C'est entre un Relay et un McDonald's, dans la zone publique du Terminal 1, que le médiatique Thierry Marx vient d'ouvrir sa dernière adresse: le Teppan. Dans cet écrin chic auquel le cuisinier a prêté sa «signature», passagers et personnel de l'aéroport peuvent déguster «une cuisine à même le fer», sur le teppanyaki, un outil de cuisson japonais.

Le chef explique à l'AFP avoir répondu à l'appel d'offres lancé par le groupe Lagardère, partenaire de Paris Aéroport, d'abord «pour amener une autre proposition, artisanale, entre Starbucks et McDo». «Les clients passent en moyenne 26 minutes à table, donc le défi est de faire de la qualité, avec des produits frais et des gestes très simples», résume-t-il.

Pour le cuisinier, impliqué dans de nombreux projets de réinsertion, cette enseigne est aussi l'occasion de mettre le pied à l'étrier à des jeunes formés dans les quartiers difficiles, «avec une cuisine extrêmement simplifiée» et des horaires compatibles avec la vie de famille.

Mais, Thierry Marx ne s'en cache pas, cette adresse, comme celles ouvertes à l'aéroport de Nice ou à la Gare du Nord à Paris, l'aide aussi à «faire tourner» sa table gastronomique parisienne, le Sur mesure.

«Une cuisine d'auteur, c'est 30 à 35 couverts par service. Vous faites votre nom, mais si à la fin vous avez 4% de bénéfice, c'est bien. Donc il faut d'autres revenus. Le Teppan, c'est 900 couverts par jour, un service continu de 6h à 22h. C'est comme quand Lagerfeld fait des fringues pour H&M: la rentabilité se fait sur le volume», sourit-il.

Et le volume est là: près de 70 millions de passagers transitent chaque année par le deuxième aéroport européen, où 60 000 personnes viennent travailler chaque jour.

Objectif: huit chefs en 2020

Au printemps, Thierry Marx a rejoint dans ce sérail aéroportuaire ses confrères Gilles Epié et Guy Martin, qui vient quant à lui d'ouvrir sa deuxième enseigne à Roissy-Charles de Gaulle.

Après I Love Paris, élu en 2016 meilleur restaurant d'aéroport - «par un jury anglo-saxon», s'enorgueillit-il - le propriétaire du Grand Véfour signe la carte du French Taste, un bistrot qui vient de s'installer dans une zone de correspondance du Terminal 2E, en lieu et place d'une... sandwicherie.

Poulet rôti, steak tartare, crème brûlée, le tout servi par un personnel formé au restaurant parisien du Grand Véfour dans un décor de brasserie néoclassique inspiré de l'univers du Palais-Royal: son enseigne, exploitée par le groupe Elior, se veut une ode à la capitale et à la gastronomie hexagonale. Avec un premier menu autour de 25 euros, comme au Teppan.

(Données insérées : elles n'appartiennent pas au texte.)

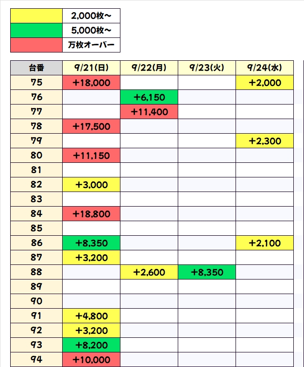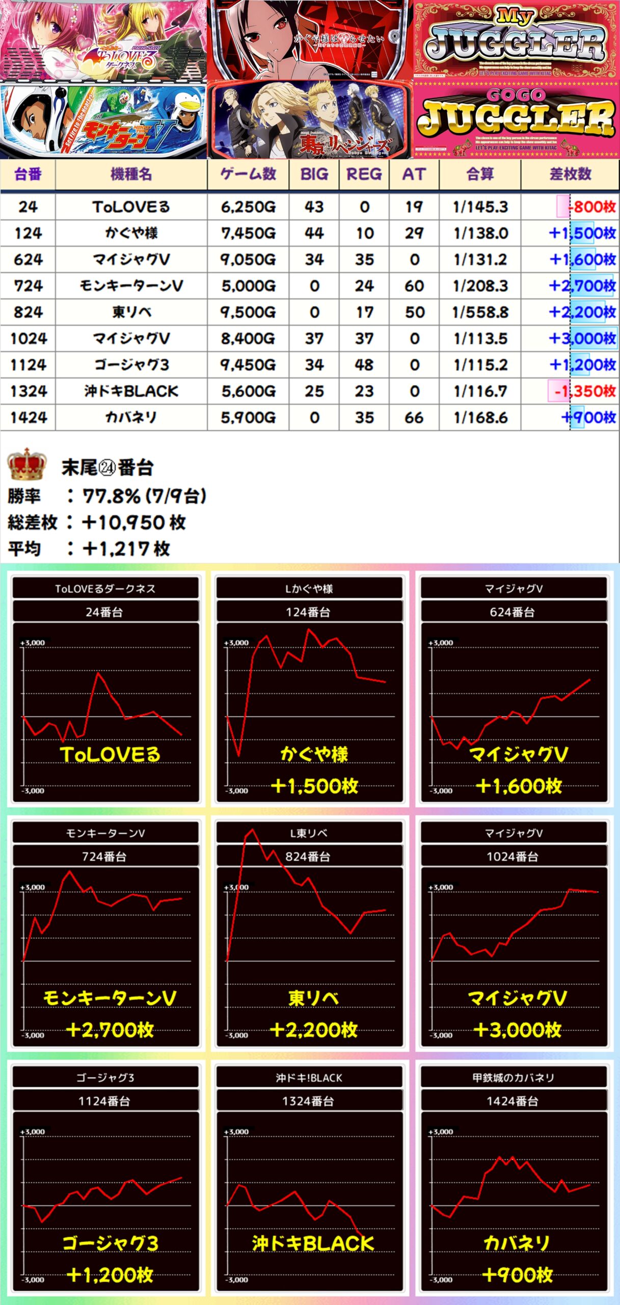 21-27日は日付末尾の仕掛けが恒例となっており、今回の末尾24番台は平均+1217枚という結果に。不発の台もありましたが、9台中7台がプラスで大量出玉も確認することができました!

«Aujourd'hui, Roissy n'a plus à rougir de la restauration qui est proposée. De plus en plus, on y trouvera une offre à la carte, comme dans les grandes villes», prédit celui qui projette d'ouvrir une troisième adresse, à Orly cette fois. «Les aéroports sont désormais des lieux de vie, un nouveau continent où il est très important d'être présent pour les chefs», ajoute Guy Martin.

Pour Paris Aéroport, qui ambitionne de recenser huit chefs étoilés sur ses plateformes à l'horizon 2020, cette «montée en gamme gastronomique» initiée en 2012 constitue un «enjeu fort».

Premier d'entre eux: «Faire préférer Paris aux passagers en correspondance qui doivent choisir entre plusieurs hubs», souligne Mathieu Daubert, directeur clients, qui évoque aussi un «enjeu d'image et d'incarnation des richesses de la France et de Paris» et d'une certaine «magie parisienne».

L'objectif de ce saut qualitatif, également initié sur les créneaux de la beauté et du prêt-à-porter, est aussi d'encourager les voyageurs à ouvrir plus grand leur porte-monnaie. Le record en la matière est détenu par un passager russe, avec une note de 12 000 euros (18 000 $).